The past four years have seen over 2 million downloads of Data Collector and its components, and over 400,000 pulls of the Docker images. While, because it is open source, it is difficult to ascertain exactly who has downloaded Data Collector, we have been able to identify over 2000 enterprises across all industries and government, including over ⅓ of the Fortune 500 and ⅔ of the Fortune 100.
Finally, bringing the story right up to date, StreamSets Data Collector 3.4.0, released in July 2018, includes several major new features:
- Amazon Elastic MapReduce (EMR) – run pipelines on Amazon’s managed Hadoop platform
- CDH 6.0 – support for the new major version of Cloudera’s Hadoop distribution.
- Whole File Transformer processor – a new feature allowing efficient whole-file conversions such as Avro to Parquet.
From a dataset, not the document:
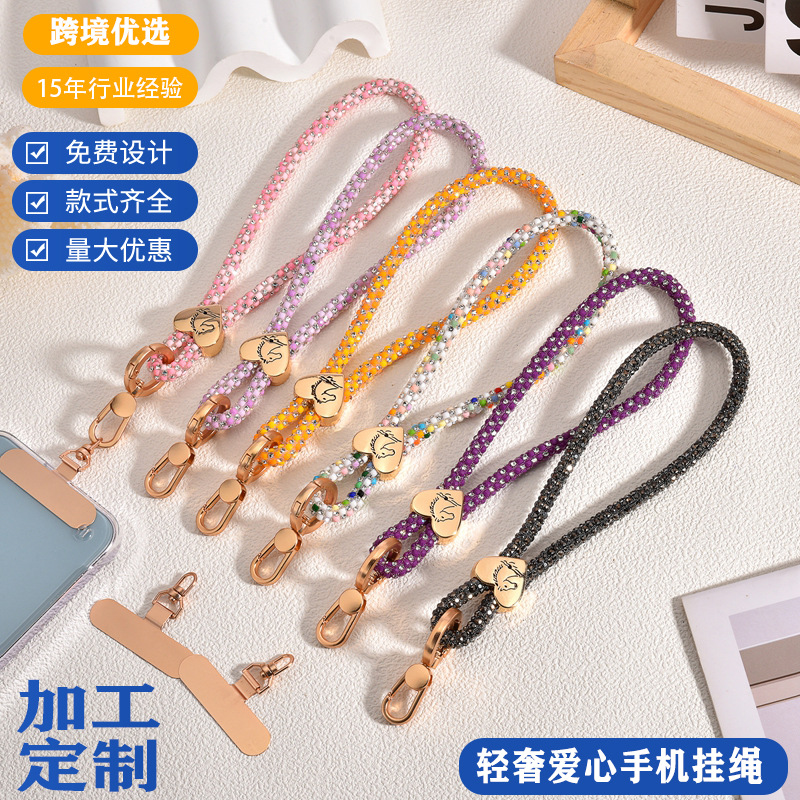 轻奢高档爱心手机壳挂绳手机垫片闪钻手机链女款通用挂饰挂脖

- Microservice pipelines – you can now build your own RESTful web services with Data Collector
Over the past four years, StreamSets Data Collector has evolved from a data ingest tool to the workhorse of the StreamSets DataOps Platform, joined by DPM, Control Hub, Data Collector Edge and, most recently, Data Protector. The StreamSets community has grown in parallel from a handful of users to many hundreds of data engineers, data scientists and developers across the sdc-user Google Group, the StreamSets Slack community channel, and the Ask StreamSets Q&A site.
Many thanks to our customers and community for their support over these past four years. If you’re among our users, join us in toasting this milestone; if not, take a look at Data Collector, and see what all the fuss is about!